I want to connect this to the ongoing work on the lmm project that I have been building and describing across my posts, and specifically to the lmm-agent crate that sits at its core. The lmm-agent framework is built entirely around the knowledge-intelligence distinction I have been drawing. It is an equation-based, training-free autonomous agent: no LLM API key, no token quotas, no stochastic black boxes, no weights updated by gradient descent on anyone's text. Instead of pattern retrieval, it implements what I am calling intelligence primitives, five structural properties that replace statistical interpolation with auditable, causal, and motivated cognition. These primitives are: calibrated Bayesian uncertainty via Gaussian belief propagation, compositional axiomatic reasoning that produces auditable forward-chaining proofs, causal counterfactual attribution using Pearl do-calculus interventions, hypothesis formation that ranks candidate new causal edges by explanatory power, and internalized motivational drives including distinct signals for Curiosity, CoherenceSeeking, and ContradictionResolution. Each of these primitives maps directly onto the abstract properties I described as belonging to intelligence rather than knowledge. None of them can be trained in by fitting patterns to text, because each requires a structural mechanism to be present at the architectural level, and that is exactly why I built them that way rather than trying to elicit them from a language model through prompting.

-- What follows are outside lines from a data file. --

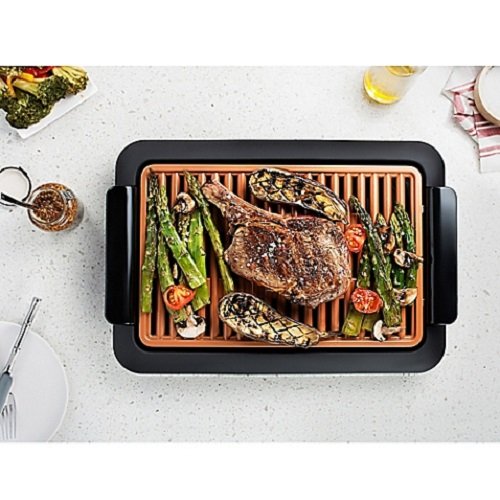 The Gotham Steel electric smokeless grill with griddle insert lets you enjoy your favorite grilled meals indoors. Boasting titanium and ceramic nonstick surface, this useful grill features even heat distribution for superior cooking results. And like all our Gotham Steel products it's made of ti-cerama surface which combines super strong titanium with super slick ceramic which means sticking or scratching is a thing of the past. Making healthy grilling and cleaning super easy and super fun! and Yes, it is dishwasher safe. So go ahead and BBQ hotdogs, hamburgers, chicken Salmon ribs and even desserts right in your kitchen, because you know it won't stick to the grill!Feature
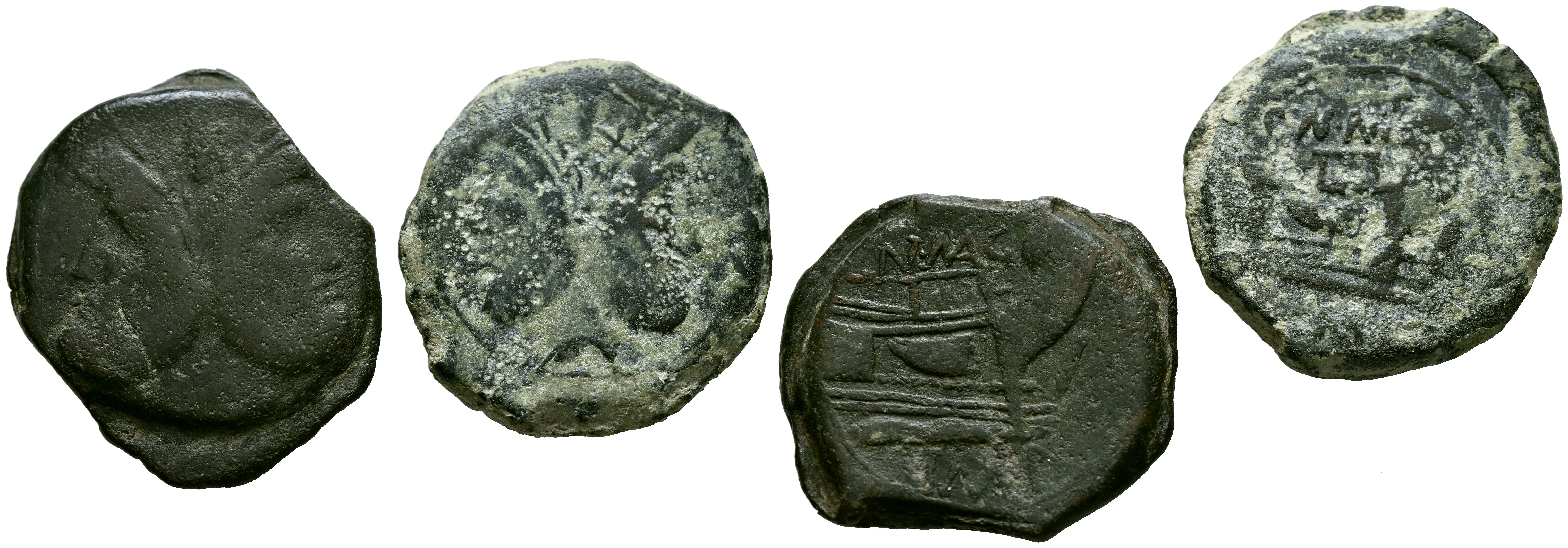 Conjunto de dos Ases acuñados bajo Pompeyo Magno. A EXAMINAR.
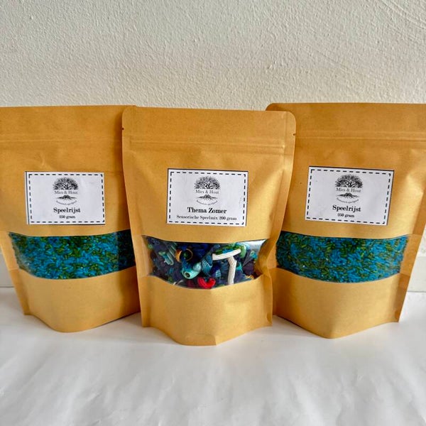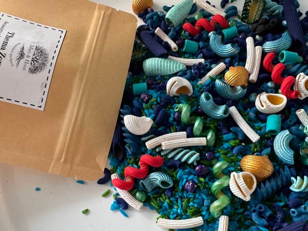 De speelrijst is kleurvast gekleurd door middel van natuurazijn, voedingskleurstof, gedroogd en afgebakken in de oven. De pasta’s zijn gekleurd door middel van kindvriendelijke (gifvrij) acrylverf, gedroogd en afgebakken in de oven.

Research on systematic generalization has made the distinction between retrieval and intelligence precise in a testable way. Systematic generalization, as defined in the cognitive science and machine learning literature, is the ability to combine known concepts in new ways and derive correct predictions from those combinations without having been trained on them (6). This is the minimal form of intelligence that is clearly distinct from knowledge retrieval, because it requires generating correct outputs for combinations that are not in the training data. When you train a language model on a set of sentences and then test it on recombinations of the same words and concepts in novel structures, performance drops dramatically, even when the logical structure is identical to structures the model has seen and the concepts are all familiar (7). That drop is the empirical signature of the knowledge-retrieval ceiling. The model can retrieve patterns it has seen. It cannot generate the correct pattern for combinations it has not seen, because generation requires intelligence and the model only has knowledge. This failure has been replicated across dozens of architectures, training regimes, and task domains, and it consistently appears at the same boundary: inside the training distribution, performance is high. Outside it, performance collapses. Intelligence does not have that boundary. Knowledge does.

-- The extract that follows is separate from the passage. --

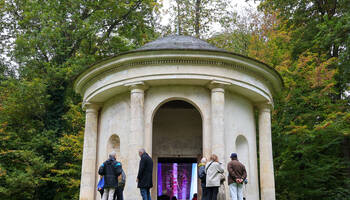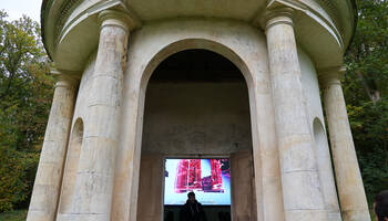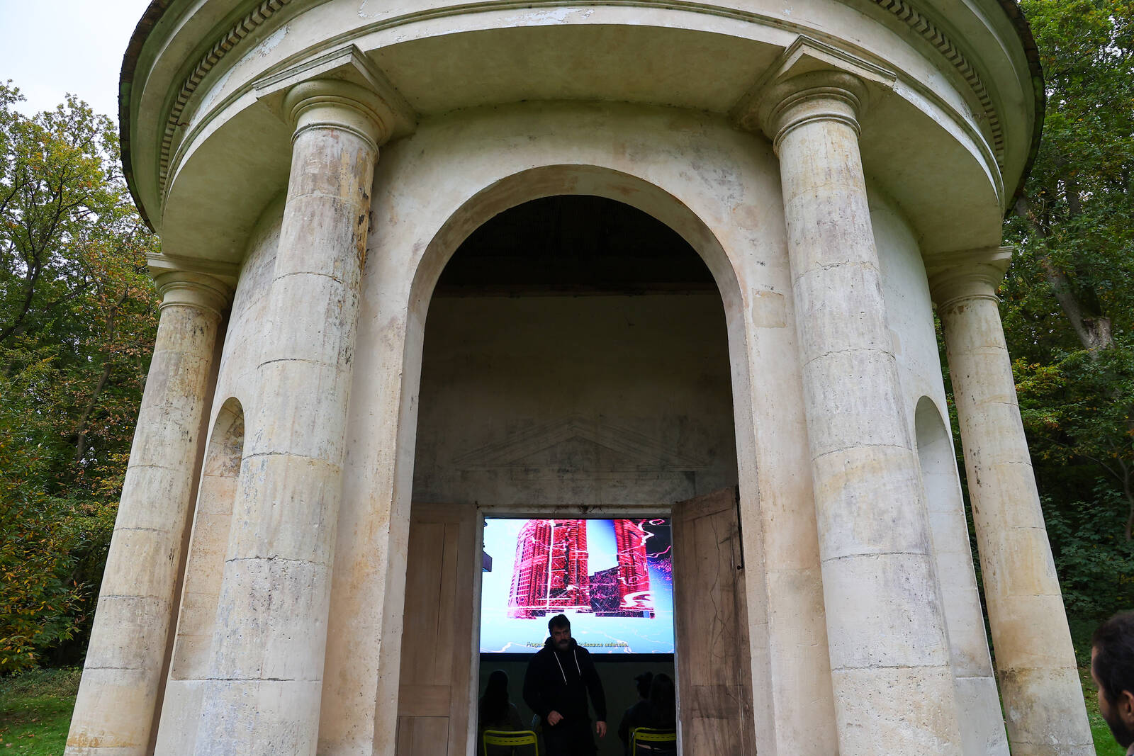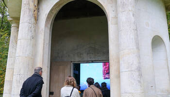 Le dimanche 19 octobre 2025, une journée portes ouvertes exceptionnelle vous a été proposée, en partenariat avec la Biennale Nemo, produite par le CENTQUATRE-PARIS. Les artistes Anne Bourrassé et Mounir Ayache ont présenté leur œuvre "Désert de Retz : Revolt", au sein du Temple au dieu Pan.

Let me say something that I think is important and uncomfortable. Every benchmark that the AI industry uses to measure progress is, at best, measuring the depth and breadth of knowledge retrieval, and at worst, measuring the degree to which the knowledge retrieval system has been fine-tuned to produce outputs that look like intelligence on that specific benchmark. I wrote about this in Rethinking ARC-AGI, where I argued that even the benchmarks designed to test genuine fluid intelligence were compromised by the way models could be trained to pattern-match on the benchmark format itself. The problem is that any task that can be represented in text and evaluated by a judge can, in principle, be solved by a sufficiently powerful knowledge retrieval system, because the evaluation criteria are themselves encoded in the statistical structure of how humans write about evaluation. If you want to measure intelligence, you need to measure it on tasks that require generating structures that are not in any training data, and those tasks are very hard to construct and evaluate, which is why the benchmarking community avoids them. But avoiding hard truth does not make it less true.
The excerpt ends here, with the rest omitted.